The Nepal Rastra Bank has announced its current fiscal year's monetary policy for 2080/81.
The Nepal Rastra Bank has announced its current fiscal year's monetary policy for 2080/81. Various targets have been set in the monetary policy, including ensuring foreign exchange reserves by curbing imports of goods and services for at least seven months.
The Central Bank has introduced arrangements to facilitate foreign exchange reserves in the monetary policy for the current fiscal year. The policy also sets the interest rates based on the capacity for imports and the annual targeted inflation rate.
The Nepali currency will be pegged against the Indian currency at a stable exchange rate, as indicated by the monetary policy, to maintain stability in the exchange rate with the Indian currency.
The average interest rate on interbank transactions of banks and financial institutions has been maintained as per the operational target.

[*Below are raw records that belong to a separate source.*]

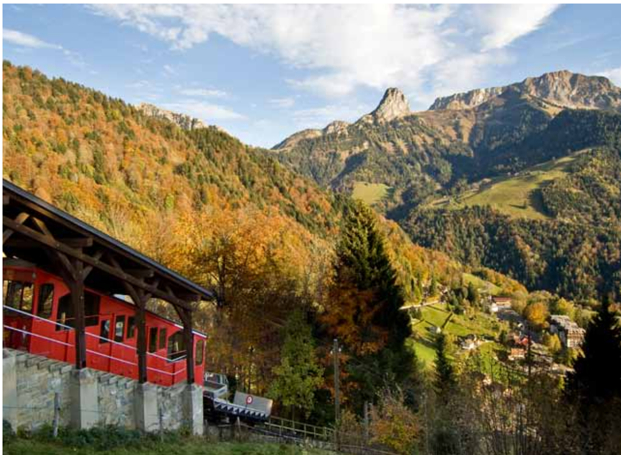
Le funiculaire Les Avants - Sonloup avec une vue magnifique sur la Dent de Jaman
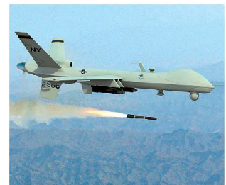
Zahl der bewaffneten UAV's wird weiter zunehmen.

2020 zurückgehen. Diese Bestandesreduktion soll durch die laufende Zuführung von Jagdflugzeugen der fünften Generation (u. a. F-35) aufgefangen werden. Bis 2020 sollen etwa 1000 Maschinen
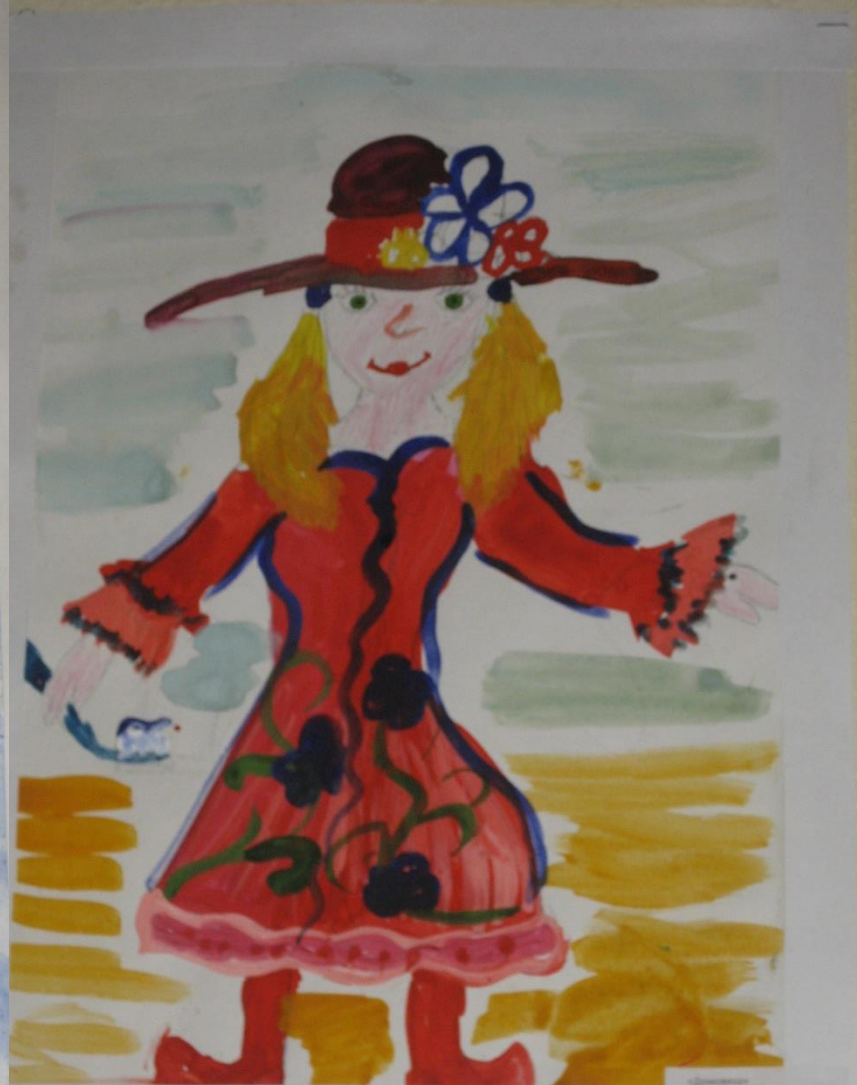
«Домовиха» Бережневская Галина 10 лет, 2002 Рис. Лубкина О.Г.
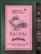
500587 Фиточай из диких трав № 7 (ЛЕГКОСТЬ ДВИЖЕНИЙ)

The monetary policy aims to actively conduct open market operations to keep the interbank interest rate within the corridor.
To control inflation within a range of 5 percent, monetary management from an expansionary approach is maintained, avoiding excessive money printing from the monetary expansion.
The government's annual budget speech has supported achieving 6 percent economic growth as targeted, and the central bank has prioritized channeling financial resources towards the productive sector to achieve this goal.
Moreover, the current monetary policy has increased the statutory liquidity ratio to 12.5 percent and the credit to the private sector from banks and financial institutions will grow by up to 11.5 percent.